#### [Task description]
The answer must give back every line of the data exactly, with no pictures.

#### [Data provided]
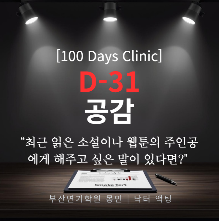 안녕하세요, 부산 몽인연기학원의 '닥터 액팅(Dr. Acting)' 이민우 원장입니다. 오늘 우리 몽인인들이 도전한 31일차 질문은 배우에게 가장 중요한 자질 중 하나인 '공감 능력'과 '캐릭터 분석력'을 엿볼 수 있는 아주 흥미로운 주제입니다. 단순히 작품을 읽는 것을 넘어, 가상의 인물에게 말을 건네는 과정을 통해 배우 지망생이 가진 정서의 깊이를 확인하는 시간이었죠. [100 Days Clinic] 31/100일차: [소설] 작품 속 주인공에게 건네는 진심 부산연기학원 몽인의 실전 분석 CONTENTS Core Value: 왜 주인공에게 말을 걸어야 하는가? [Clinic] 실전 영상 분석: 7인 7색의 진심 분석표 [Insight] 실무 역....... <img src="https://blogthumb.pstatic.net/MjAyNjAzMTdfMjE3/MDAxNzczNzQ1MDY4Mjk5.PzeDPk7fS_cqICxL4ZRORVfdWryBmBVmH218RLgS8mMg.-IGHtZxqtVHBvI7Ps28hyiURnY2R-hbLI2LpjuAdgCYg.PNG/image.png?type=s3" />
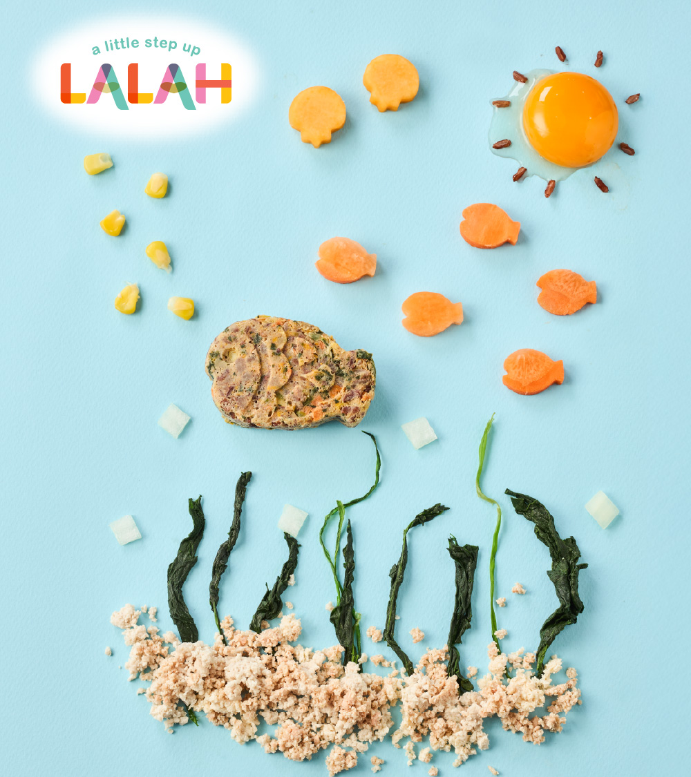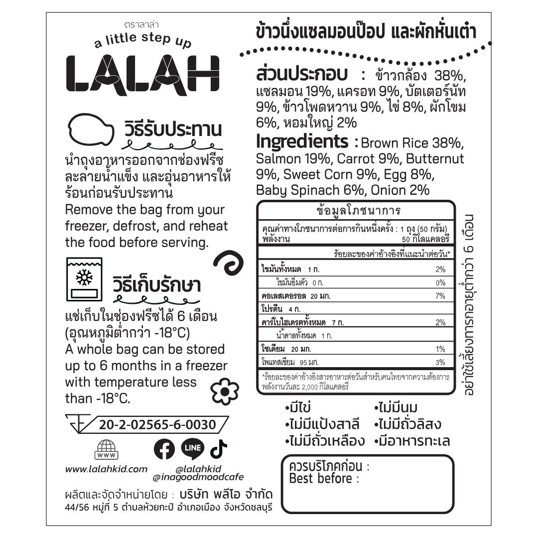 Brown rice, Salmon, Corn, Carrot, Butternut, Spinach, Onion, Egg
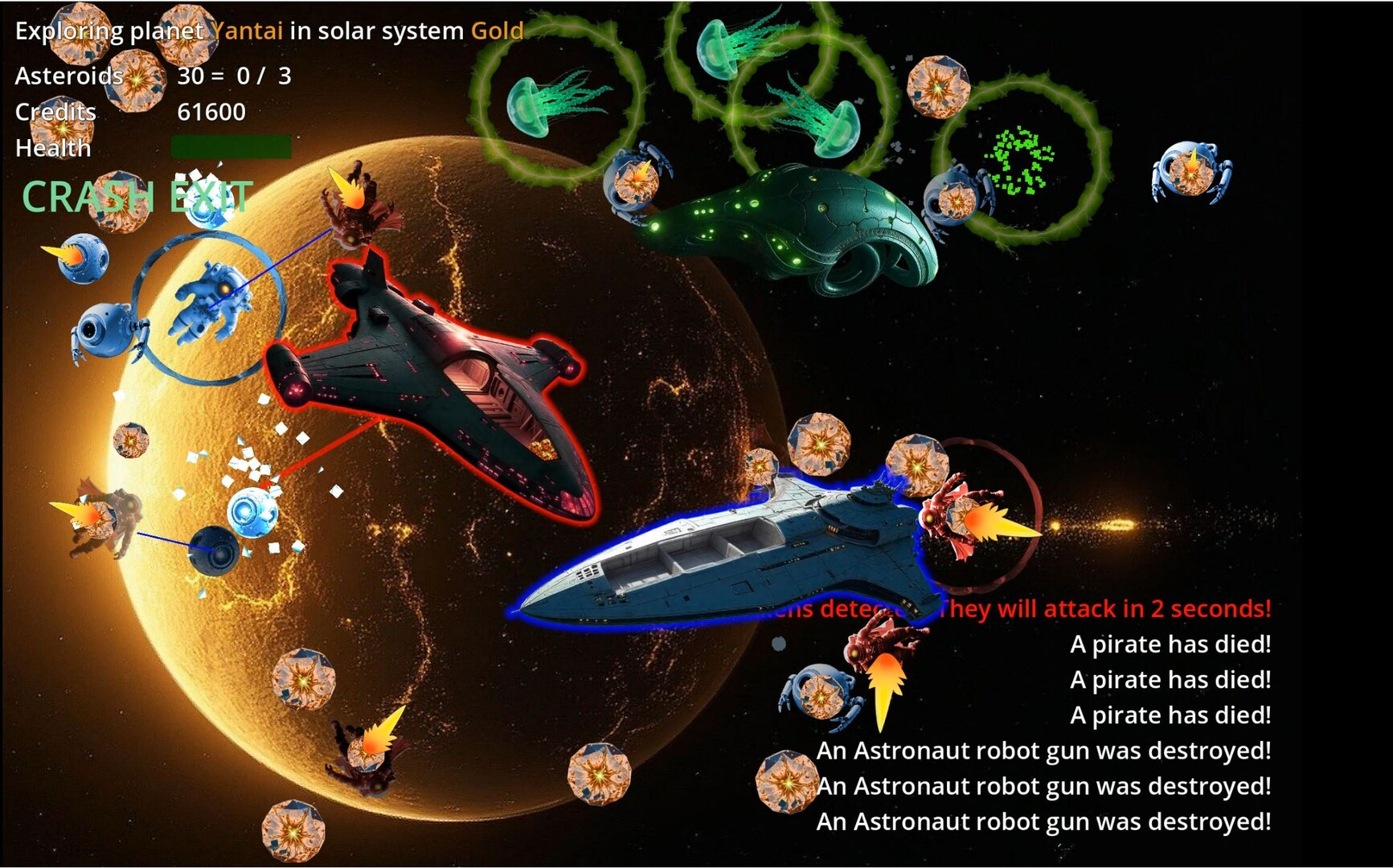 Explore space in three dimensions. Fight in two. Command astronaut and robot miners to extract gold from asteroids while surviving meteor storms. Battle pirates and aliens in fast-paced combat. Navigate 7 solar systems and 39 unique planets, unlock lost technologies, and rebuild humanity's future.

#### [Output for this exercise]
 안녕하세요, 부산 몽인연기학원의 '닥터 액팅(Dr. Acting)' 이민우 원장입니다. 오늘 우리 몽인인들이 도전한 31일차 질문은 배우에게 가장 중요한 자질 중 하나인 '공감 능력'과 '캐릭터 분석력'을 엿볼 수 있는 아주 흥미로운 주제입니다. 단순히 작품을 읽는 것을 넘어, 가상의 인물에게 말을 건네는 과정을 통해 배우 지망생이 가진 정서의 깊이를 확인하는 시간이었죠. [100 Days Clinic] 31/100일차: [소설] 작품 속 주인공에게 건네는 진심 부산연기학원 몽인의 실전 분석 CONTENTS Core Value: 왜 주인공에게 말을 걸어야 하는가? [Clinic] 실전 영상 분석: 7인 7색의 진심 분석표 [Insight] 실무 역....... <img src="https://blogthumb.pstatic.net/MjAyNjAzMTdfMjE3/MDAxNzczNzQ1MDY4Mjk5.PzeDPk7fS_cqICxL4ZRORVfdWryBmBVmH218RLgS8mMg.-IGHtZxqtVHBvI7Ps28hyiURnY2R-hbLI2LpjuAdgCYg.PNG/image.png?type=s3" />
 Brown rice, Salmon, Corn, Carrot, Butternut, Spinach, Onion, Egg
 Explore space in three dimensions. Fight in two. Command astronaut and robot miners to extract gold from asteroids while surviving meteor storms. Battle pirates and aliens in fast-paced combat. Navigate 7 solar systems and 39 unique planets, unlock lost technologies, and rebuild humanity's future.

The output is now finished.